■ Task brief
The answer is a stretch of the material below, returned exactly: the line containing "The Green Goblin", the line containing "この日、全体の差枚トップに輝", and all lines between.

■ Data listing
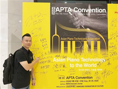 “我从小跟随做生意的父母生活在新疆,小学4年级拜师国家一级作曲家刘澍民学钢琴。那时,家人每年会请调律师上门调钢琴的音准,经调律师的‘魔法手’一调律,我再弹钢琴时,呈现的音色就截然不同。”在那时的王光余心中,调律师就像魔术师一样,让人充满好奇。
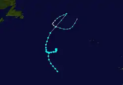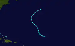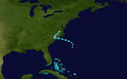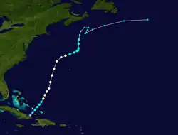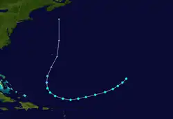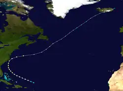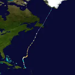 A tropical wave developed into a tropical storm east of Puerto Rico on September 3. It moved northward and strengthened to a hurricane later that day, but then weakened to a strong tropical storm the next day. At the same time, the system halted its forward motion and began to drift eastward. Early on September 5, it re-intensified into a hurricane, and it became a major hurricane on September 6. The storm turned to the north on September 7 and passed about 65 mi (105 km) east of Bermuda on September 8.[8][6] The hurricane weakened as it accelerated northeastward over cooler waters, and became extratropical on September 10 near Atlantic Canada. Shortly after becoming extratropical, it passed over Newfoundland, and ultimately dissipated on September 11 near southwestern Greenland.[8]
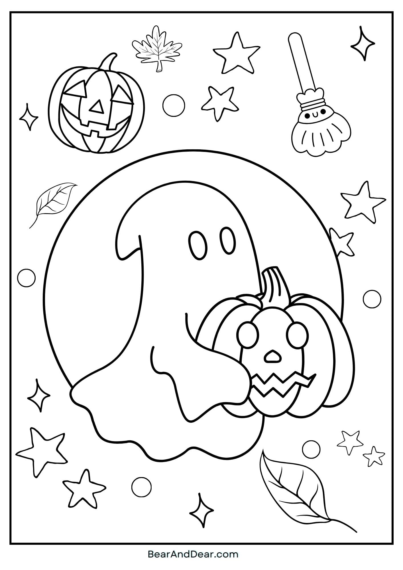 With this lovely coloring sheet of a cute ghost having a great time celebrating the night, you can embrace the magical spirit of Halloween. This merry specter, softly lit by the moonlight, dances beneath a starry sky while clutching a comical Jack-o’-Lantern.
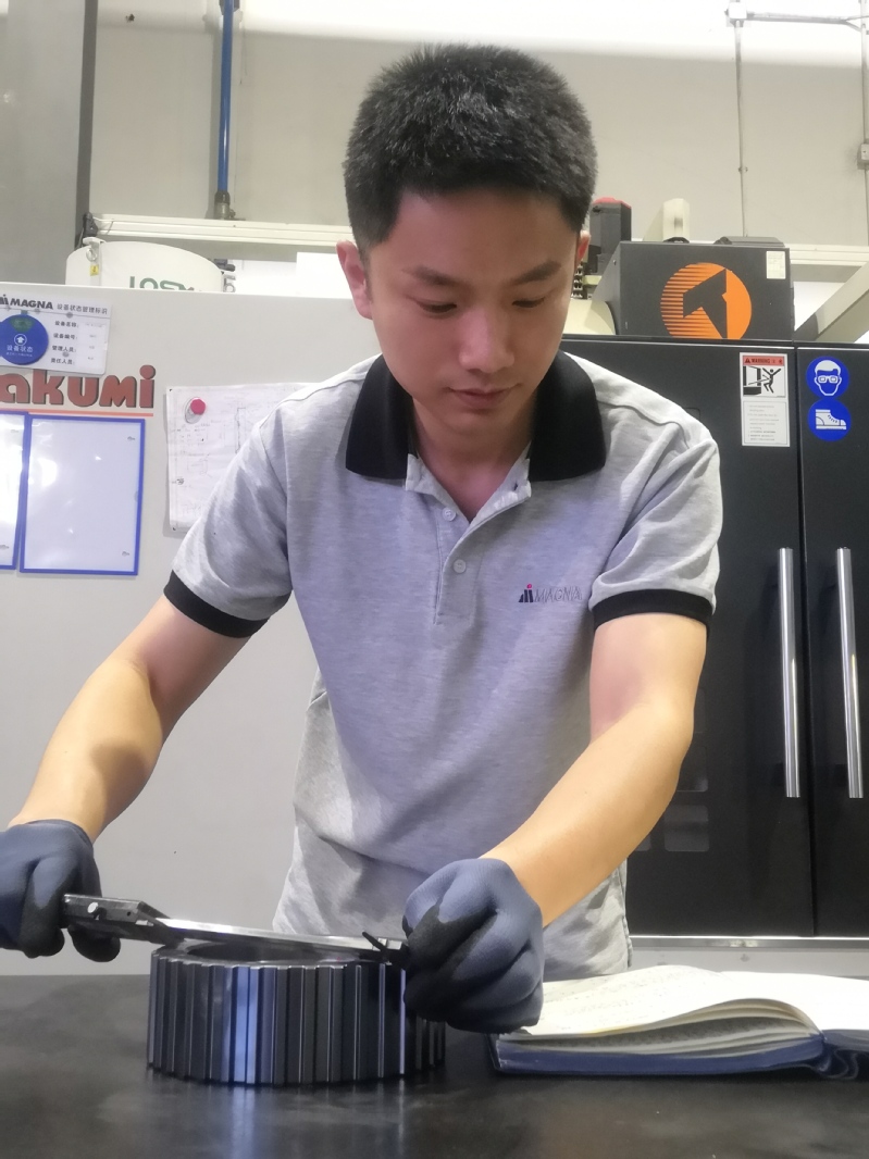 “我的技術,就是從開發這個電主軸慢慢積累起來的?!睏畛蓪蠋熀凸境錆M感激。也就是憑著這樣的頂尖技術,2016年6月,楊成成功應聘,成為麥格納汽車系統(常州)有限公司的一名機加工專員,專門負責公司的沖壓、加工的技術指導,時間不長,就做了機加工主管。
...
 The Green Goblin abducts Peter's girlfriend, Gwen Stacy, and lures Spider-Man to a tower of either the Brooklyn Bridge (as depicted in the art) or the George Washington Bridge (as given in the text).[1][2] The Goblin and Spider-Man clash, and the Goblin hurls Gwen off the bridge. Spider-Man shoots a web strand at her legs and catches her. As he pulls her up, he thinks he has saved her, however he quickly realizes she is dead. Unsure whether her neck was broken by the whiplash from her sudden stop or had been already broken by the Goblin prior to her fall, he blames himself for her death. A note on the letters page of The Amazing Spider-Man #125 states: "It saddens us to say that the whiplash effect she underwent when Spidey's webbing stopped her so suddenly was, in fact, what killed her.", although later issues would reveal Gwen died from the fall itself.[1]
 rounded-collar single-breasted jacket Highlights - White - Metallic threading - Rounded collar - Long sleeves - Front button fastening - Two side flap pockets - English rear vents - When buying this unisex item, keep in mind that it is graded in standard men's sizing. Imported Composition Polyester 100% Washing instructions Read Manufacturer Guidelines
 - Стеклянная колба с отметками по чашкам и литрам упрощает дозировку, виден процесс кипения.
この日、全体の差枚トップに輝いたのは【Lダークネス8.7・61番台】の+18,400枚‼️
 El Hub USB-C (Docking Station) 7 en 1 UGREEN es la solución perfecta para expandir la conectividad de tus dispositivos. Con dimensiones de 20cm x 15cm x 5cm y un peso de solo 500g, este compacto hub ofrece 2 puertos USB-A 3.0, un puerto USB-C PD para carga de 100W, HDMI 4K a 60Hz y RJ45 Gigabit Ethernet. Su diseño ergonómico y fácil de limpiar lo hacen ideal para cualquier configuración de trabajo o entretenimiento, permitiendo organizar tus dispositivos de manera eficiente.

■ Worked solution
 The Green Goblin abducts Peter's girlfriend, Gwen Stacy, and lures Spider-Man to a tower of either the Brooklyn Bridge (as depicted in the art) or the George Washington Bridge (as given in the text).[1][2] The Goblin and Spider-Man clash, and the Goblin hurls Gwen off the bridge. Spider-Man shoots a web strand at her legs and catches her. As he pulls her up, he thinks he has saved her, however he quickly realizes she is dead. Unsure whether her neck was broken by the whiplash from her sudden stop or had been already broken by the Goblin prior to her fall, he blames himself for her death. A note on the letters page of The Amazing Spider-Man #125 states: "It saddens us to say that the whiplash effect she underwent when Spidey's webbing stopped her so suddenly was, in fact, what killed her.", although later issues would reveal Gwen died from the fall itself.[1]
 rounded-collar single-breasted jacket Highlights - White - Metallic threading - Rounded collar - Long sleeves - Front button fastening - Two side flap pockets - English rear vents - When buying this unisex item, keep in mind that it is graded in standard men's sizing. Imported Composition Polyester 100% Washing instructions Read Manufacturer Guidelines
 - Стеклянная колба с отметками по чашкам и литрам упрощает дозировку, виден процесс кипения.
この日、全体の差枚トップに輝いたのは【Lダークネス8.7・61番台】の+18,400枚‼️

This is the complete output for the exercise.